The Norwegian Nobel Committee called ElBaradei “an unafraid advocate” for nuclear nonproliferation “at a time when the threat of nuclear arms is again increasing.”

ElBaradei, whose ouster was sought by the Bush administration led by controversial United Nations appointee John Bolton, is a long-standing critic of the president’s decision to go to war in Iraq.

So was former President Jimmy Carter when he won the prize in 2002, an award widely interpreted as a shot at the Bush administration.

Nonetheless, Secretary of State Condoleezza Rice issued a statement congratulating El Baradei and the IAEA on receiving the peace prize.

“In conferring this well- deserved honor on the IAEA,” Rice said, “the Nobel Committee noted, ‘At a time when there is a danger that nuclear arms will spread both to states and to terrorist groups, and when nuclear power again appears to be playing an increasingly significant role, IAEA’s work is of incalculable importance.’ The United States is committed to working with the IAEA to prevent the spread of nuclear weapons technology.”

The Norwegian Nobel Committee cited ElBaradei and the IAEA “for their efforts to prevent nuclear energy from being used for military purposes and to ensure that nuclear energy for peaceful purposes is used in the safest possible way.”

The Vienna-based IAEA, established under U.N. auspices in 1957, coordinates nuclear safety around the world and monitors materials that could be diverted for weapons use.

It has played pivotal investigative roles in four crises in recent years: Iran, Iraq, North Korea and the nuclear black market run by one of Pakistan’s top scientists.

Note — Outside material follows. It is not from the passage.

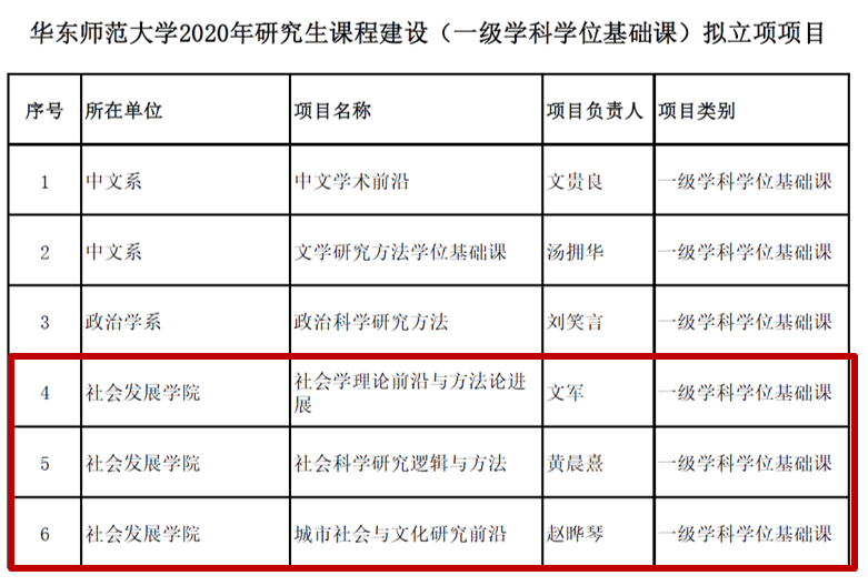 除了《城市社会与文化研究前沿》课程外,我院获得研究生院立项的一级学科学位基础课还包括:《社会科学研究逻辑与方法》(黄晨熹教授领衔,硕士课程)、《社会学理论前沿与方法论进展》(文军教授领衔,博士课程)。三门一级学科学位基础课建设是我院推动研究生培养改革的重要试点。希望通过认真组织、加强指导、做好规划、不断凝练,形成课程特色,提高课程建设成效,为进一步深化研究生课程建设、提升研究生科研能力夯实基础。

“The award sends a very strong message,” the new laureate said at a news conference in Vienna. “‘Keep doing what you are doing – be impartial, act with integrity,’ and that is what we intend to do.

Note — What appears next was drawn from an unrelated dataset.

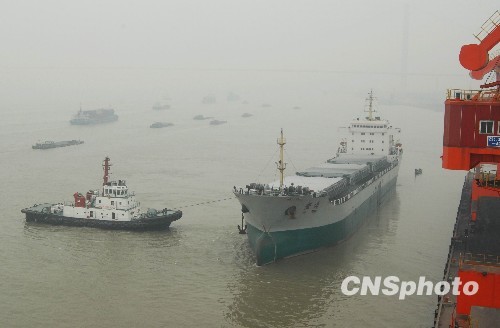 图:浓雾锁长江严重影响船舶航行(2)

“The advantage of having this recognition today,” ElBaradei said, “is that it will strengthen my resolve. The fact that there is overwhelming public support for our work definitely will help to resolve some of the major outstanding issues we are facing today, including North Korea, including Iran and nuclear disarmament.

“It is a responsibility, but it is also a shot in the arm,” he said.

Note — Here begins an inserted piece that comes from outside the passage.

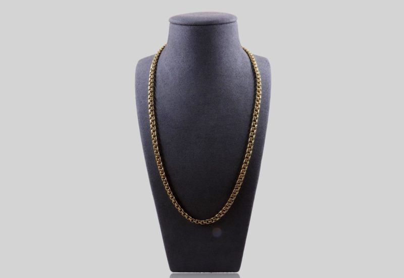 Belle chaîne de montre du XIXe siècle en or jaune composée de maillons ouvragés doublés pouvant se porter en collier. Un collier chic à porter sans modération !

Despite the fact that the United States helped install El Baradei in his job eight years ago, his refusal in 2003 to confirm White House allegations that Iraq’s Saddam Hussein had rebuilt his nuclear weapons program lost ElBaradei the U.S. support he had enjoyed.

In an interview with The Washington Post last fall, El Baradei said the day the United States invaded Iraq “was the saddest in my life.” It was not because he was a fan of Hussein but because he was so sure Washington’s assertions about weapons stockpiles and a secret program would be proved wrong.

Washington responded to ElBaradei’s findings on Iraq’s alleged weapons of mass destruction by trying to prevent him from taking a third term, despite requests from other board members that he stay on.

The Bush administration launched a vigorous but solitary campaign – including a complete halt of intelligence sharing, recruitment of potential replacements for ElBaradei and eavesdropping on him in search of ammunition against him. But as his popularity diminished in Washington, it soared elsewhere.

Privately, Bush administration officials acknowledge that the IAEA’s Iran investigation has been thorough and that the agency has uncovered far more than U.S. intelligence could have learned without it.